The Respondent did not reply to the Complainant’s contentions.

6. Discussion and Findings

To succeed, the Complainant must demonstrate that all of the elements listed in paragraph 4(a) of the Policy have been satisfied: (i) the disputed domain name is identical or confusingly similar to a trademark or service mark in which the Complainant has rights, (ii) the Respondent has no rights or legitimate interests in respect of the disputed domain name, and (iii) the disputed domain name has been registered and is being used in bad faith. The Panel finds that all three of these elements have been met in this case.

A. Identical or Confusingly Similar

This element requires the Panel to consider two issues: first, whether the Complainant has rights in a relevant mark; and, second, whether the disputed domain name is identical or confusingly similar to that mark. This element under the Policy functions primarily as a standing requirement. WIPO Overview 3.0, section 1.7.

The Panel further finds that the disputed domain name is confusingly similar to the LIQUIDITYBOOK mark. The disputed domain name mimics the LIQUIDITYBOOK mark by copying the mark but with only one minor alteration (the use of a lower case “l” as the fifth letter, which closely resembles an upper case “i” – that letter being the fifth letter in the Complainant’s mark). In this respect, this case is much like Informatica LLC v. Withheld for Privacy Purposes, Privacy service provided by Withheld for Privacy ehf / jay ferg, WIPO Case No. D2021-2612, in which the panel found confusing similarity when the disputed domain name swapped out the same letters in a similar way. UDRP panels have consistently held that “[a] domain name which consists of a common, obvious, or intentional misspelling of a trademark is considered by panels to be confusingly similar to the relevant mark for purposes of the first element”. See WIPO Overview 3.0, section 1.9.

Accordingly, the Complainant has established this first element.

B. Rights or Legitimate Interests

The Panel evaluates this element of the Policy by first looking to see whether the Complainant has made a prima facie showing that the Respondent lacks rights or legitimate interests in respect of the disputed domain name. If the Complainant makes that showing, the burden of production of demonstrating rights or legitimate interests shifts to the Respondent (with the burden of proof always remaining with the Complainant).

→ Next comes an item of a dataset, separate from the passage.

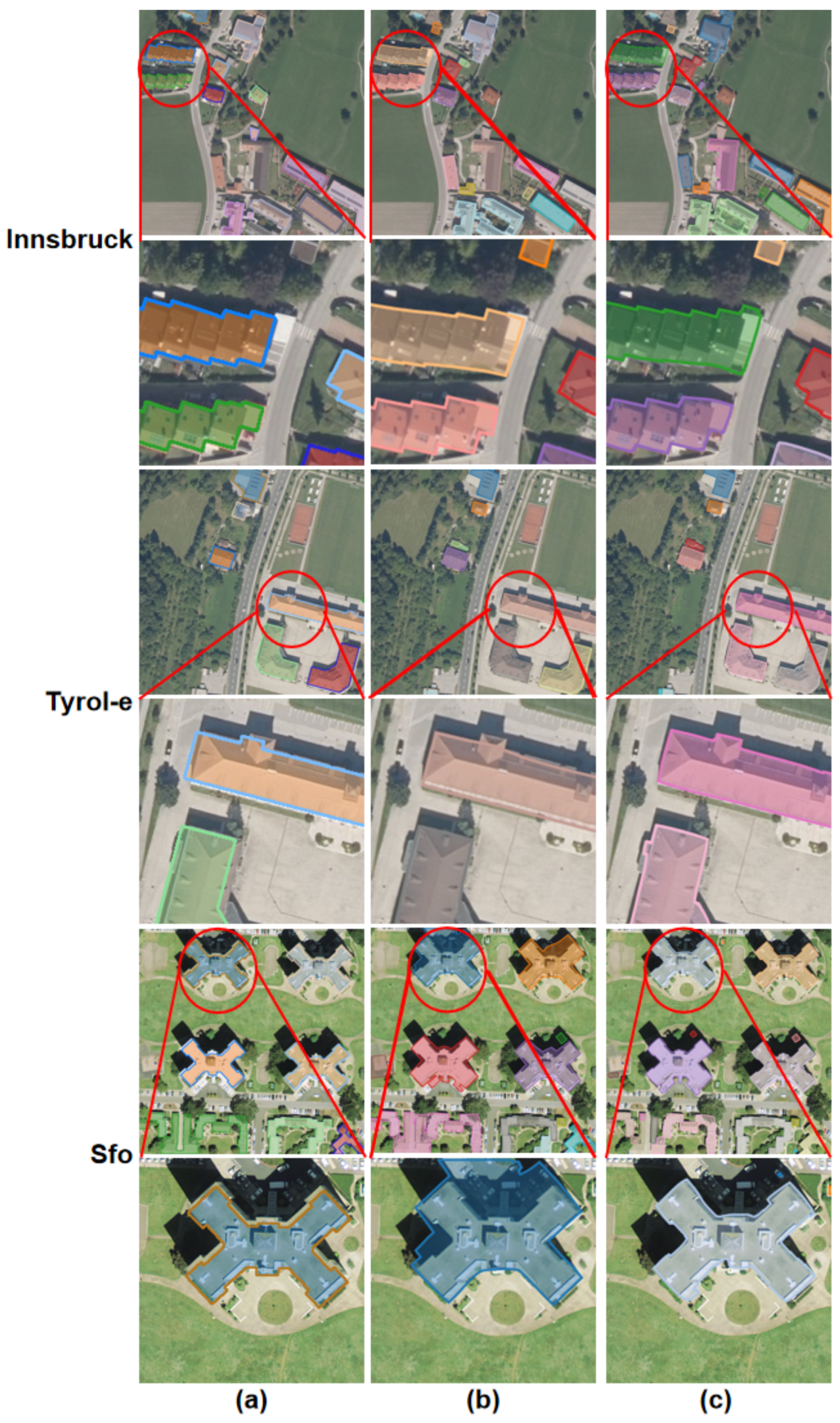 44] fused Digital Surface Models (DSMs) and RGB imagery, performing post-processing by comparing segmentation maps obtained from a U-Net with frame fields to derive regularized building polygons, which resulted in high-precision outputs. Xu et al. [

On this point, the Complainant asserts that (1) the Respondent is neither affiliated with nor authorized by the Complainant to register or use the LIQUIDITYBOOK trademark, (2) the Respondent has not used or engaged in demonstrable preparations to use the disputed domain name in connection with any bona fide offering of goods or services, and (3) there is no evidence indicating the Respondent has been commonly known by the disputed domain name. Additionally, the Panel notes that using a disputed domain name for phishing purposes (which appears to be what is happening here) is not a bona fide offering of goods or services. See Regeneron Pharmaceuticals, Inc. v. Nikki Dockum, Tred, WIPO Case No. D2018-0155

The Panel finds that the Complainant has made the required prima facie showing. The Respondent has not presented evidence to overcome this prima facie showing, and nothing in the record otherwise tilts the balance in the Respondent’s favor.

Accordingly, the Panel finds that the Complainant has established this second element under the Policy.

C. Registered and Used in Bad Faith

The Policy requires a complainant to establish that the domain name was registered and is being used in bad faith. The facts of this case show that the Respondent targeted the Complainant when it registered the disputed domain name and when it used the disputed domain name to imitate the Complainant and seek to engage in fraud by sending phishing email messages. These facts clearly establish bad faith use and registration of the disputed domain name. See Informatica LLC v. Withheld for Privacy Purposes, Privacy service provided by Withheld for Privacy ehf / jay ferg, supra.

The Complainant has succeeded under this third Policy element.

7. Decision

For the foregoing reasons, in accordance with paragraphs 4(i) of the Policy and 15 of the Rules, the Panel orders that the disputed domain name <liqulditybook.com> be transferred to the Complainant.